Retype every entry word for word. Omit the pictures.

• GIVEN INFORMATION:
____________________
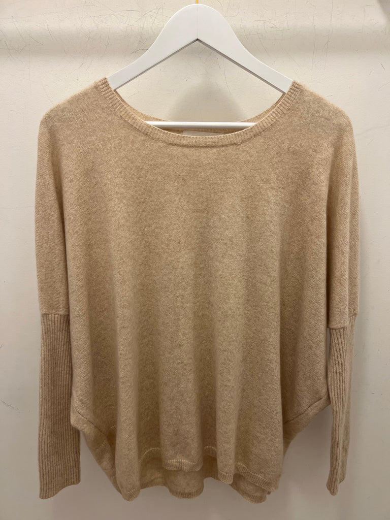 The Agnes Poncho cashmere has a slightly loose fit, accented with side slits and long ribbed sleeves.
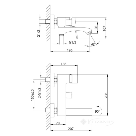 Китай, гарантия от произв. - 3 года, цвет: gungrey, материал: латунь, однорычажный, установка на стену, механизм: керамический картридж
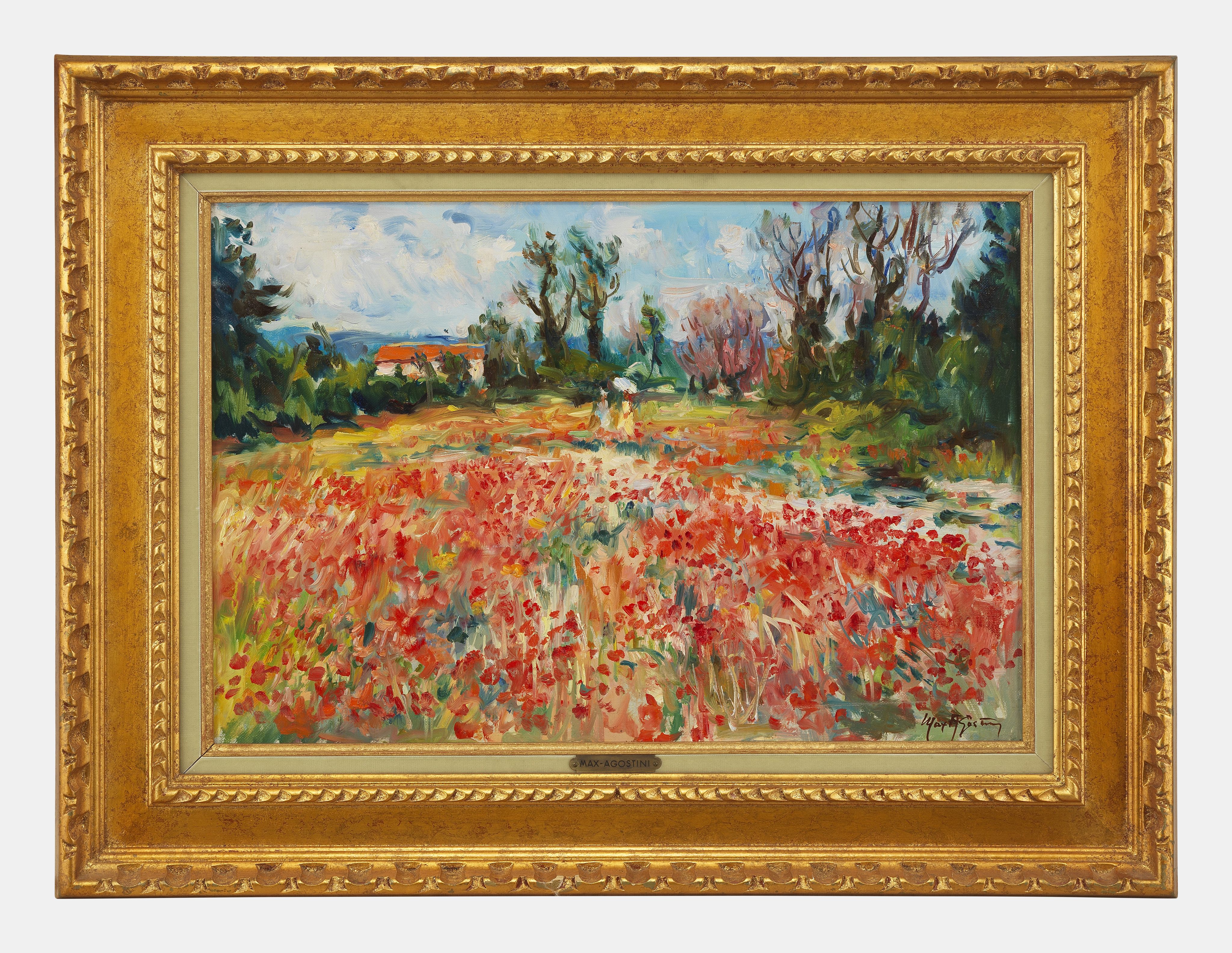 Les coquelicots, huile sur toile, signée, 38x55 cm
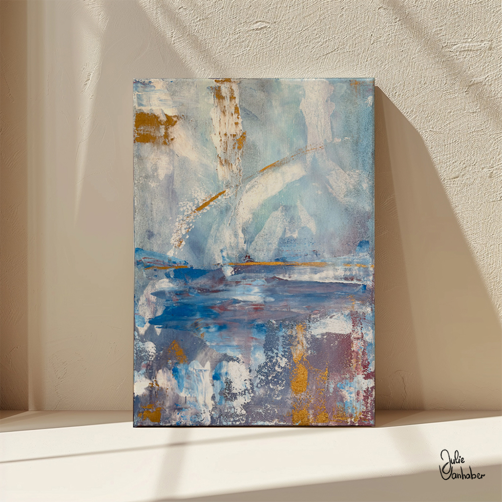 Pocítíte klid a vyrovnanost s tímto obrazem. Modré odstíny dodávají hloubku, zatímco zlaté a bílé prvky vnášejí lehkost a pozitivní energii. Je ideální pro chvíle, kdy hledáte rovnováhu a pohodu. Objevte, jak „Zátiší emocí“ dokáže zklidnit vaši mysl a přinést harmonii do vašeho prostoru.
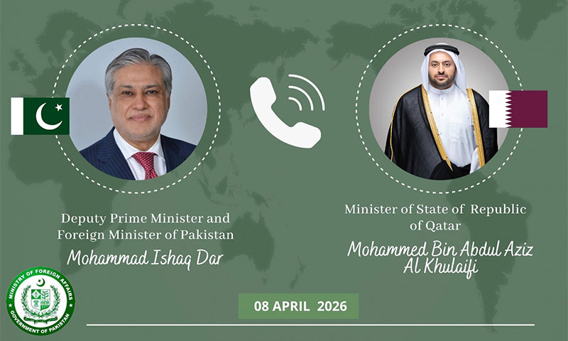 نائب وزیراعظم و وزیرِ خارجہ محمد اسحاق ڈار نے آج قطر کے وزیرِ مملکت، محمد بن عبدالعزیز الخلیفی سے ٹیلیفون پر بات چیت کی۔
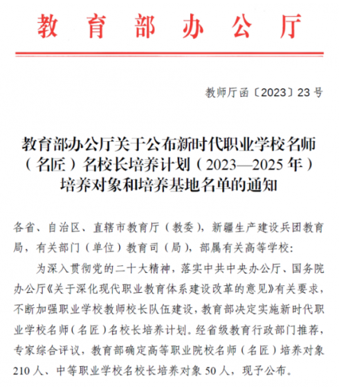 据悉,教育部计划从2023年开始实施新时代职业学校名师(名匠)名校长培养计划,简称职教“三名”计划,计划每年遴选一批中等职业学校校长和高等职业院校(含本科层次和专科层次)从事一线教育教学的在职在岗骨干教师或具有绝招绝技的技能大师,进行为期三年的集中培养。
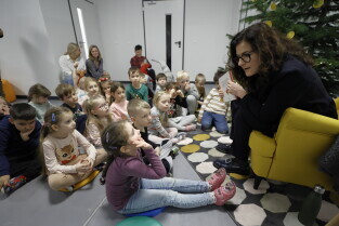 Gdańsk. Prezydent Gdańska Aleksandra Dulkiewicz przeczytała bajki dzieciom z przedszkola Bursztynowy Kompas.
____________________
• YOUR RESPONSE:
 The Agnes Poncho cashmere has a slightly loose fit, accented with side slits and long ribbed sleeves.
 Китай, гарантия от произв. - 3 года, цвет: gungrey, материал: латунь, однорычажный, установка на стену, механизм: керамический картридж
 Les coquelicots, huile sur toile, signée, 38x55 cm
 Pocítíte klid a vyrovnanost s tímto obrazem. Modré odstíny dodávají hloubku, zatímco zlaté a bílé prvky vnášejí lehkost a pozitivní energii. Je ideální pro chvíle, kdy hledáte rovnováhu a pohodu. Objevte, jak „Zátiší emocí“ dokáže zklidnit vaši mysl a přinést harmonii do vašeho prostoru.
 نائب وزیراعظم و وزیرِ خارجہ محمد اسحاق ڈار نے آج قطر کے وزیرِ مملکت، محمد بن عبدالعزیز الخلیفی سے ٹیلیفون پر بات چیت کی۔
 据悉,教育部计划从2023年开始实施新时代职业学校名师(名匠)名校长培养计划,简称职教“三名”计划,计划每年遴选一批中等职业学校校长和高等职业院校(含本科层次和专科层次)从事一线教育教学的在职在岗骨干教师或具有绝招绝技的技能大师,进行为期三年的集中培养。
 Gdańsk. Prezydent Gdańska Aleksandra Dulkiewicz przeczytała bajki dzieciom z przedszkola Bursztynowy Kompas.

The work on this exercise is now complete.